Mr. Everyday Dollar has a confession: he loves pizza! Some may even call him a pizza eating machine. He could eat pizza for breakfast (with coffee) and be in absolute heaven.
As much as I like to go out to eat, I know that it hurts my dollars in the worst way. In fact, one of my favorite pizza places in town puts a big dent in my wallet. Here would be a typical bill breakdown at this pizza joint (for two people):
1 margherita pizza: $9.50
1 margherita pizza: $9.50
1 bottle of red wine: $20.00
Total = $39.00
Total out the door, including $2.15 in tax and a $6.00 tip = $47.15
That’s a good chunk of change and doesn’t even include a movie yet! One of my favorite things to make at home is pizza. I am going to give you all my secrets to making pizza that is just as good, if not better, than the margherita pizza I’ve been happy to fork over $9.50 for.
Here are the supplies you need:
- First, I assume you have an oven. If so, you are off to a great start!
- I like to use a pizza stone and pizza peel. I have had these items for awhile and if you buy quality ones, they will give you years of great pizza making service. I have a rather generic peel that I don’t even remember where it came from (either this metal one or less expensive wood one would suffice) and I have this superb 16-inch pizza stone. If you don’t want to invest in a pizza stone, you can use a much cheaper half-inch quarry tile. Just be sure it is unglazed, as a glazed one would definitely have chemical coatings you do not want. I didn’t want to risk using a potentially non-food grade quarry tile, glazed or unglazed, so I opted for the pizza stone.
- Pizza cutter.
- A food processor or blender for making sauce.
I usually make margherita pizza but the options are endless. I like the margherita because it’s simple and delicious. Win.
Here are the ingredients you need:
- Pizza dough – can be a store-bought ball, otherwise make your own with this recipe.
- Sauce – in a food processor, blend a 28-oz can of plum tomatoes, 1-2 garlic cloves, a pinch or two of sugar, basil, oregano, salt and a drizzle of olive oil, tasting as you go to get it just how you want.
- Fresh basil – as a topping after the pizza comes out of the oven. I have a small basil plant I harvest from.

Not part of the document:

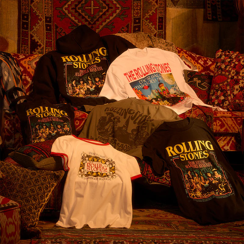 Don’t head out the door this season without layering up with a piece of Rolling Stones outerwear. Various styles include a hoodie, crewneck, and coaches jacket featuring new and classic Stones imagery.

- Mozzarella – Use fresh mozzarella balls. These hold a lot of moisture, so be sure to press them into a paper towel to remove excess liquid.
Here is what you do:
- Crank the oven to its highest setting (mine goes to 550 degrees) and have the pizza stone on the lowest rack.
- If using a dough ball from the store, I split it into 2 balls and on the floured peel, I punch the ball down making sure I get all the air bubbles out. It’s about 8 inches after this. I then stretch the dough by picking it up by the edge and quickly moving my hands around the perimeter, letting gravity pull it down. I end up with about a 16-inch disk after this.
- Add a layer of sauce and slices of mozzarella.
- Slide the pizza from the peel onto the stone in the pre-heated oven.
- Bake the pizza until the cheese starts to melt, usually 3 or 4 minutes, then turn the oven to broil to brown the top. The pizza is done when the cheese is fully melted, bubbling and starting to show signs of browning. The crust will be golden brown.
- Remove pizza, let cool for a few minutes, cut it into slices and enjoy!
Here’s the breakdown for the 2 margherita pizzas I made at the Mr. Everyday Dollar Restaurant, and the “bottle” of wine consumed:
1 store bought dough ball: $2.99
1 (28-oz) can whole plum tomatoes: $2.79
1 container fresh mozzarella balls: $3.60
1/4 of a 3 Liter Banrock Station Cabernet box of wine: $3.25
Total = $12.63
What’s the difference between going out to eat for pizza and wine and making the same thing at home?
Restaurant $47.15 – Home $12.63 = $34.52 in savings!
Think about this every time you are about to shell out your dollars at that restaurant!